Творчество Диаса Валеева.




Я

Роман-воспоминание

ЧАСТЬ ПЕРВАЯ

3

      Это должен быть роман-панорама и одновременно роман-исповедь. Первая глава. О чем она? Какой-то хаос мыслей, хаос слов. В рукописи все исчеркано, все перемарано.
      И вот о чем я подумал. Широкие, обитые жестью столы. Старик-патологоанатом. У него серенькое сухое лицо и узловатые руки. От пальцев — они желтые — всегда пахнет формалином. Старик надевает халат, блестящий клеенчатый фартук. Потом натягивает на руки резиновые перчатки и делает скальпелем разрез. Красноватые, как выветрелая кетовая икра, желваки, бурые волокна мышц, тоненькие нити сосудов. Работает он машинально. И вот сердце. Патологоанатом берет его негнущимися, окостеневшими пальцами, равнодушно кладет на стальной лист.
      Отчего умер человек? Отчего умерло сердце?
      Возможно, все так и происходит. И на бумаге появляется строчка — короткий, чисто медицинский диагноз. Но разве в нем заключена правда? Я не патологоанатом, я художник. И мне важнее понять, чем живет человеческое сердце. Душа какого мира поет в нем свою песню? Есть три вопроса. Что человек может знать? Что человек должен делать? И на что человек может надеяться? По Канту, эти три вопроса можно синтезировать в один: что такое человек? Наверное, мы умираем не от инфаркта, не от рака, не от пули. От отсутствия красоты в нашей жизни. От несовершенства мира. И здесь главная работа на земле, главное назначение художника-творца. Темна косная масса люциферической глины — и как много ее вокруг. Я стою на ней. Она засасывает и меня, тянется — чтобы задушить — к горлу. Смогу ли я оторваться от нее? Смогу ли подняться на скалистый берег?
      Уже ночь. Огромный город спит.
      Я подхожу к окну.

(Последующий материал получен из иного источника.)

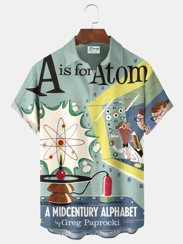 Royaura® Vintage Medieval Atomic Science Cartoon Print Men's Casual Stylish Button Pocket Short Sleeve Shirt Big Tall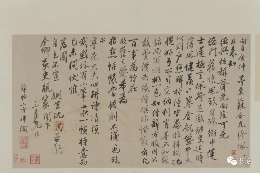 张葱玉的尺牍收藏很有名,下面这件北宋富弼《儿子帖》,便是当年张葱玉转给谭敬的。帖上还有“张珩私印”“谭敬私印”的印记。

Но вижу в стекле только свое лицо, свою тень. Мучает какое-то бессилие и неумение обозначить в точных и единственных словах себя. Хочется прорваться к ясности сквозь маету мыслей. Но я теряюсь в них.
      Препарировать жизнь, как этот воображаемый, но, возможно, действительно существующий старик? Сколько людей берет на себя роль холодного наблюдателя. Но есть еще роли пожирателей, хищников, грызунов. А есть роль строителя красоты. Но как поймать, уловить мгновенье этой красоты и не умертвить ее сорвавшимся с языка словом, не поранить несоразмерным поступком, действием? Не убить однозначностью своей правды? И жизнь... Бог ты мой, какое это непостижимое чудовище. Даже один день жизни не вместить в слово, не объяснить; он — скопище мелочей, где каждый пустяк оправдан уже тем, что он есть, существует и, следовательно, необходим. И ты, художник-творец, обязан вылить в одно объединяющее прекрасное слово всю фрагментарность мира со всей его бесконечной пылью различных времен, эпох, народов. Но возможно ли обозначить все одним знаком?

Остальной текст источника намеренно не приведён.